Il volume contiene un lungo racconto e una serie di interviste e inchieste
giornalistiche. Il tema comune è il Sud, nella prima parte stemperato dal sentimento e dalle evocazioni della memoria, nella seconda intenso e policromo, brutalmente e dolorosamente reale nelle parole della gente.
Protagonista di « Chi rimane » è l'autore, ma potrebbe essere uno dei tanti
che, finita la guerra, tornarono a casa ad affrontare — dopo i primi giorni intensi di affetti e di novità — il problema dell'« avvenire », dell'inserimento in
una società che aveva poco o nulla da offrire. La provincia è uguale dovunque:
si vive delle piccole cose, si partecipa alla vita degli altri con sentimenti spontanei, naturali. Il Salento come le Langhe: « La sera andavamo lungo le strade che
irraggiandosi dal paese conducevano ad altri paesi o affondavano nel buio della
campagna. Spesso portavano dei panini e Filippo una o due bottiglie. Ci sedevamo sui muretti a bere e mangiare. (...) In coro intonavamo canzoni fino a tardi.
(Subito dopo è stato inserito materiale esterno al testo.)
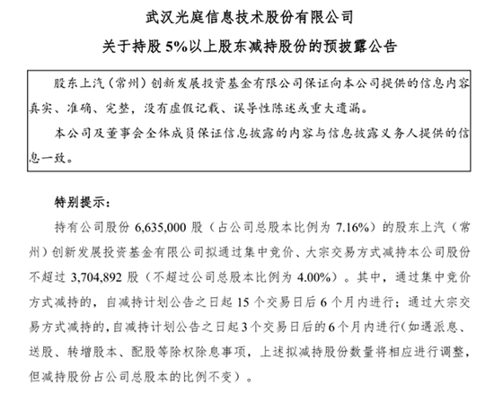 5日盘后,光庭信息发布公告称,公司股东上汽创投因自身资金需求和经营需要,拟通过集中竞价、大宗交易方式减持公司股份不超过370.4892万股(不超过公司总股本的4%)。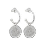 Hoop earrings with etched Empowerment drawing on pendant featuring White Topaz.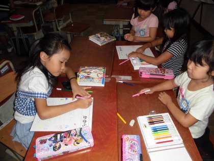 ポスターに色を塗ったり,模様を描いたり,それぞれの係らしいポスターができました。
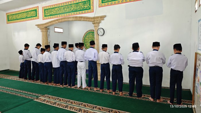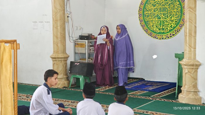 Petugas kegiatan berjalan dengan penuh tanggung jawab. Abizar bertugas sebagai bilal, sementara Nada memandu acara dengan lancar sebagai MC. Alpan Faris tampil tenang dan fasih saat menjadi imam salat, diikuti oleh seluruh jamaah dengan tertib dan khusyuk.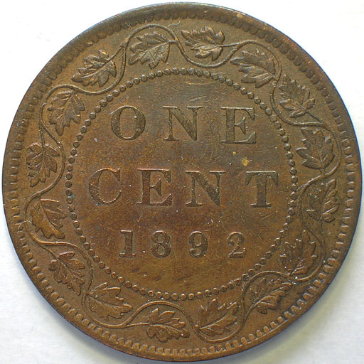 Right: 1892 Canadian large cent, with obverse of 1893.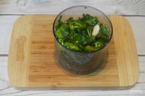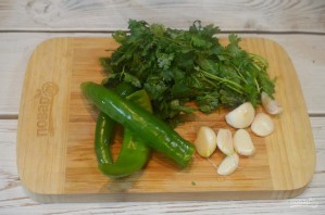 3. Зелень помойте, чеснок почистите, у перца удалите плодоножки и, по желанию, семена.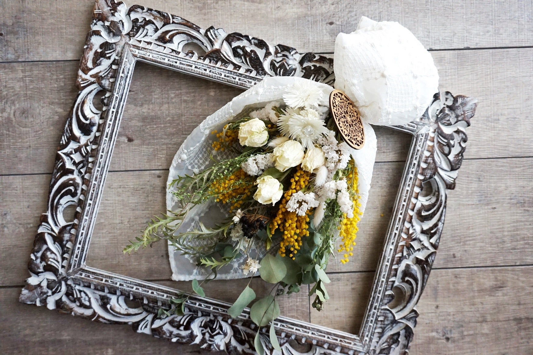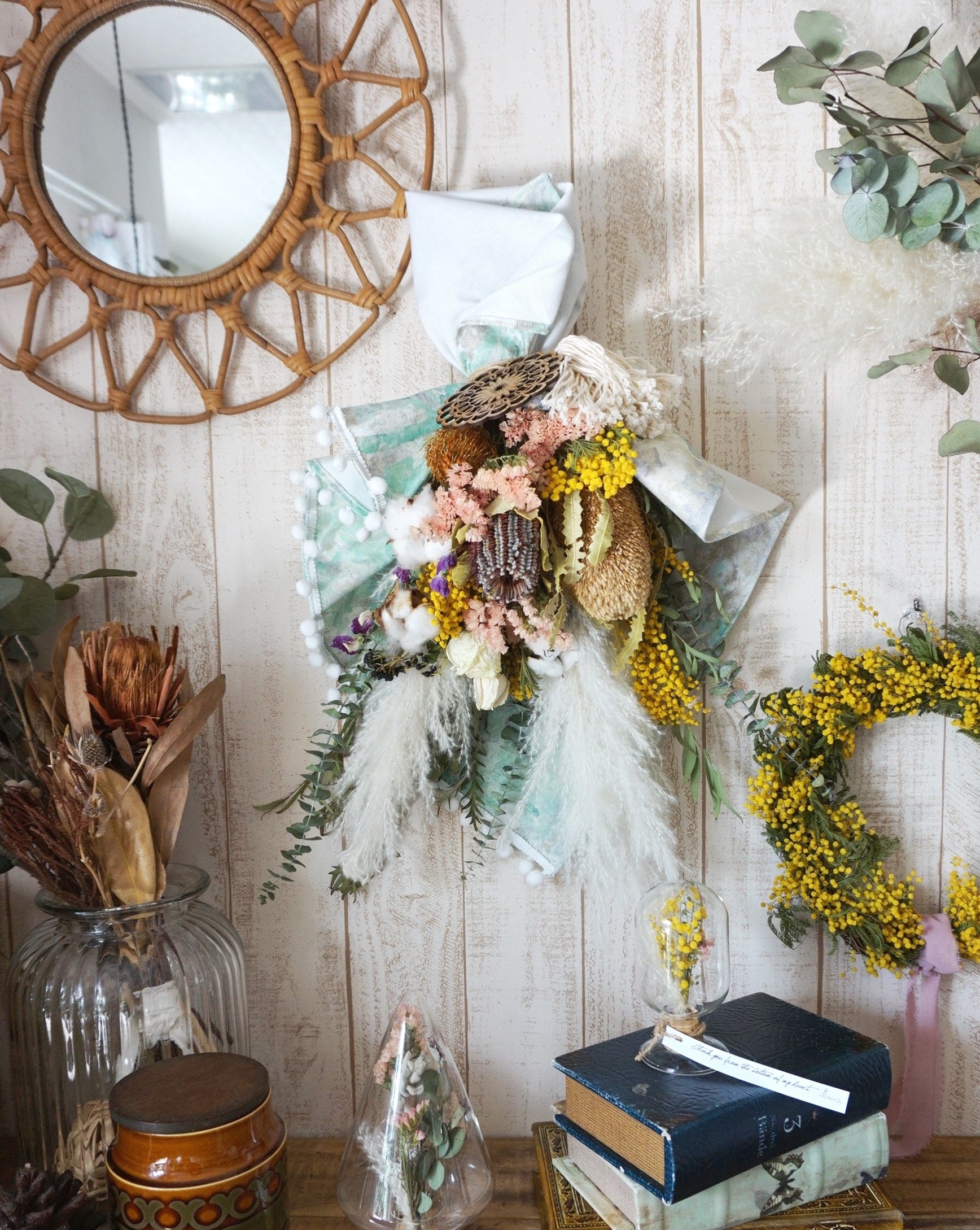[生地をあしらったドライフラワーの花束をオーダーメイド]
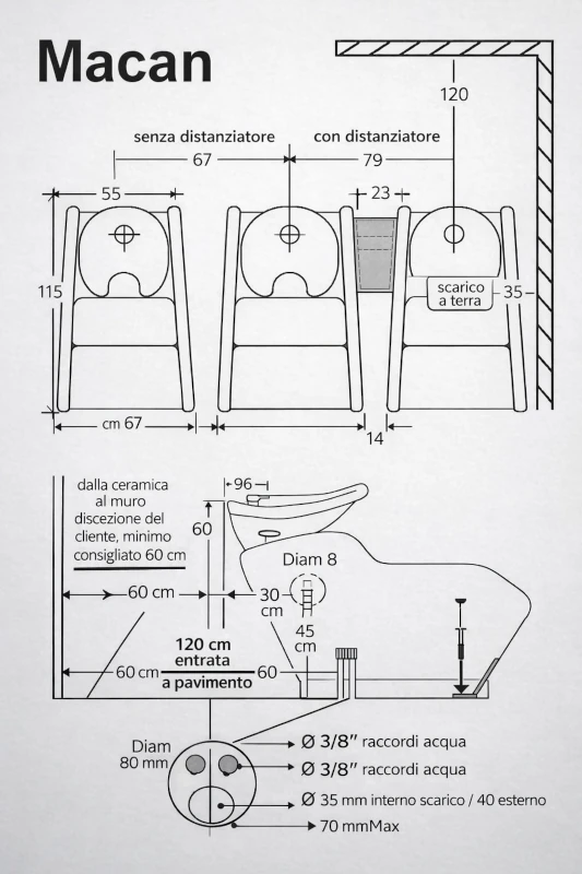 La struttura è progettata per garantire comodità al cliente e praticità all’operatore durante i servizi di lavaggio. Il lavatesta viene fornito completo di doccino e miscelatore già installati, permettendo un’installazione rapida e immediata, senza costi aggiuntivi o interventi tecnici complessi.

Erano notti splendenti d'agosto e a ritrovarsi con gli amici dava piacere, come
ai vecchi tempi prima della guerra, quando eravamo ragazzi ed era facile intendersi (...) » (pp. 41-2). E, più avanti, il problema della scelta politica che non sia
limitata alla simpatia, alla lotta sterile delle parole. Un atteggiamento comune a
tanti per pigrizia mentale e per timore, non così nel protagonista, la cui riluttanza a farsi promotore delle idee di alcuni dei suoi concittadini affonda le radici
nel suo carattere, nel suo modo di essere, nell'essere la sua vita « tessuta di riflessioni, di sentimento, di odori più che di suoni ». Il racconto è popolato di figure
grandi e piccole, animate dall'abilità dello scrittore e dal sentimento dell'uomo.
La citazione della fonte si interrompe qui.